This drawing of the Hackaday logo is about 30″ square, shaded with smaller logos from about 1/2″ to 2″ in height
Hackaday is running a contest to give away 20 Adafruit Trinkets to people who put the Hackaday logo on something, preference given to the largest and smallest incarnations.
For your consideration, I offer a large Hackaday logo drawn by my wall mounted pen plotter, shaded in with smaller Hackaday logos. I’m honestly not at all sure how many I used, but there’s a lot. For this drawing, I used an Inkscape technique documented by Kongorilla on Sandy Noble’s Polargraph forums.
This was my first time trying this method of using Inkscape to generate vectorized halftones, but I really liked the effect. Shading a much larger image with very tiny images opens up a lot of possibilities. I could draw a big picture made of lots of tiny almost subliminal images, a big block of text shaded in by other text which negates the larger text, or perhaps a lot of sensible tiny images that create a much larger image that’s difficult to really grok until you step farther away.
To make the large vector drawing for my PlotterBot, I had to manipulate the original Hackaday logo SVG file. Here were my steps:
- For the vectorized halftones technique, I needed a bitmap version of the Inkscape logo. I opened the Hackaday SVG in Inkscape and then took a screen shot of it.
- I pasted the screenshot into GIMP, cropped it to just the size of the logo, and saved it as a JPG file.
- Next, I needed a smaller version of the Hackaday logo to use as the vectorized halftone. For this, I opened the Hackaday logo in a separate instance of Inkscape. I deleted the eyes and nose, then joined the wrenches to the skull, and deleted any lines that interesected, so that the PlotterBot could draw the outline of the entire logo with one continuous path. If I didn’t do this, then every single instance of the tiny Hackaday logos would have required four pen-ups instead of just one, the drawing would probably have taken more than 8 hours , and it wouldn’t really have added much to the overall aesthetic. I’ll refer to this as the “eye-less Hackaday logo.”
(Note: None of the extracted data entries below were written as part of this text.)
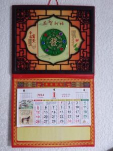 El calendario chino tiene una relación directa con el zodiaco chino, compuesto por 12 ciclos anuales de animales, (rata, buey, tigre, conejo, dragón, serpiente, caballo, cobra, mono, gallo, perro y cerdo). Cada ciclo comienza con el Año Nuevo Chino, y a cada uno le afectan las características de los cinco elementos, (agua, madera, fuego, metal y tierra), así como del ciclo binario (yin, yang). Estas combinaciones crean un ciclo general de 60 años. Además del animal anual para cada persona existe también el animal interno determinado por el mes de nacimiento y el animal secreto que lo determina la hora exacta del nacimiento, y es fundamental en la determinación de la personalidad de cada individuo.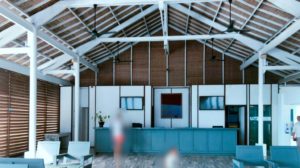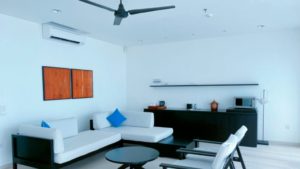 部屋の様子。こちらが一階。(一階には、リビング、バスルーム、トイレ、テラス、プール)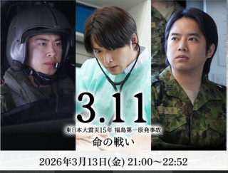 東日本大震災から15年。迫り来る放射線の恐怖の中、命を賭けて戦った人々に焦点をあてたドラマ「3.11~東日本大震災15年 福島第一原発事故 命の戦い~」2026年3月13日22時からフジテレビで放送する。白洲迅、戸塚純貴、三浦貴大がそれぞれの立場で命を張った人々を演じる。予告動画がフジテレビ公式YouTubeチャンネルで公開されている。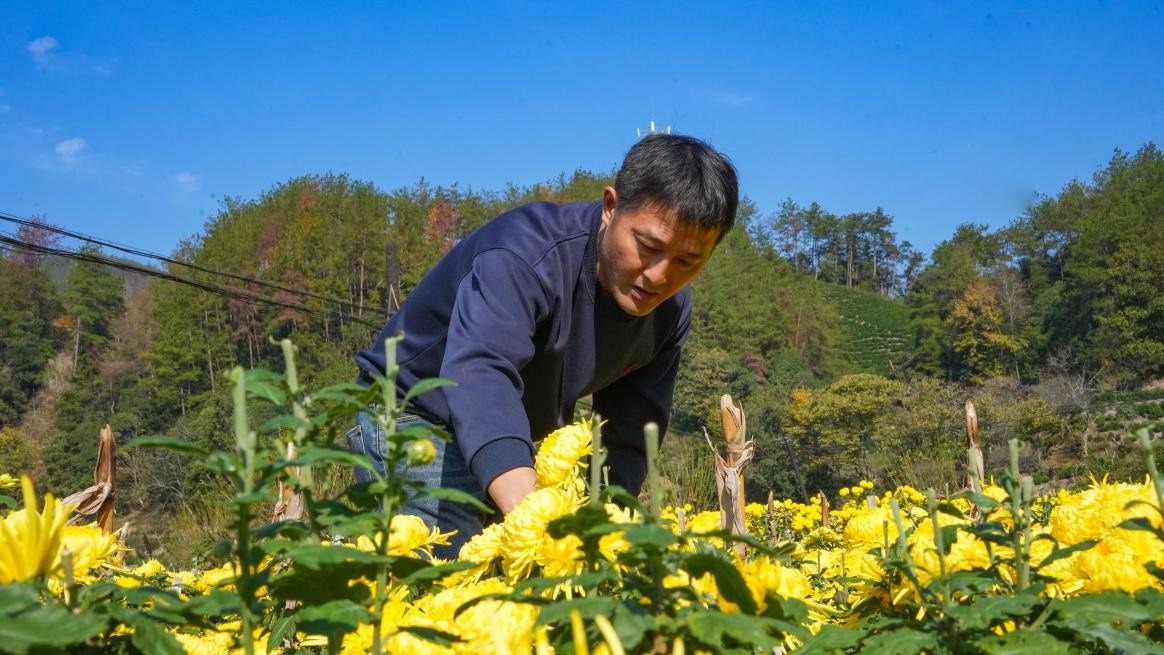 驻村工作队帮助村民采摘菊花

- With the Inkscape window still open with the Hackaday vector logo in it, I imported the JPG/bitmap version from GIMP back into Inkscape. I matched the bitmap version as closely as I could over the vector image.
- Apparently, you can only apply the vectorized halftone technique to bitmaps. If you try to apply it to a vector, you won’t get anything.
- Since the Polargraph software I use can’t draw a combination of a bitmap and a vector, the bitmap image will be removed later – leaving the large vector drawing underneath. The large vector drawing was necessary to get the large outline of the full Hackaday logo.
- Once I had the large Hackaday vector logo with the bitmap version of the Hackaday logo laid over it, I measured and took note of the bitmap image in pixels , and pasted in the eye-less Hackaday logo into the top left corner. I then scaled the eye-less Hackaday logo so that it was fairly small – about small enough to fit into the wrench on the logo.
- To use the eye-less Hackaday logo as the vectorized halftone:
- Edit -> Clone -> Create Tiled Clones
- “Trace” tab
- Check “Trace the drawing under the tiles“
- Under “1. Pick from the drawing:” choose “Color“
- Under “3. Apply the value to the clones’:” choose “Presence”
- Specify the size of the drawing in pixels using “Width, height:“:
- I used the “Randomize” tab to randomize the rotation of the eye-less Hackaday logos up to “45.0” degrees.
- Click “Create“
- The result was very cool – but required a lot of trial and error. If the original eye-less Hackaday logo in the top left corner was too large, there weren’t many logos in the finished drawing and it didn’t look very interesting. If the original eye-less Hackaday logo in the top left corner was too small, there would be too many small logos with very little variation in size and the result would have been a mess of tiny squiggles. Once I found a starting eye-less Hackaday logo that struck a pleasing balance between the number of medium and tiny eye-less Hackaday logos, I noticed that there were a lot of instances where a smaller logo just looked out of place. So, I manually deleted some, copied others, and rotated a few to make a more pleasing drawing.
- Once I was happy with the drawing, I selected the imported bitmap layer and deleted it – leaving me with the large Hackaday logo vector and lots of tiny eye-less Hackaday logo vectors shading it in. The last thing to do was delete the first eye-less Hackaday logo I had imported into the top left corner of the image.
Here’s a picture of one of the smaller instances of the eye-less Hackaday logos:
Detail of an “eye-less Hackaday logo”
And, if you’ve made it this far, why not check out an animated GIF of my PlotterBot in action?
Go PlotterBot! Draw like the… tortoise?
The drawing took about 5 hours, start to finish.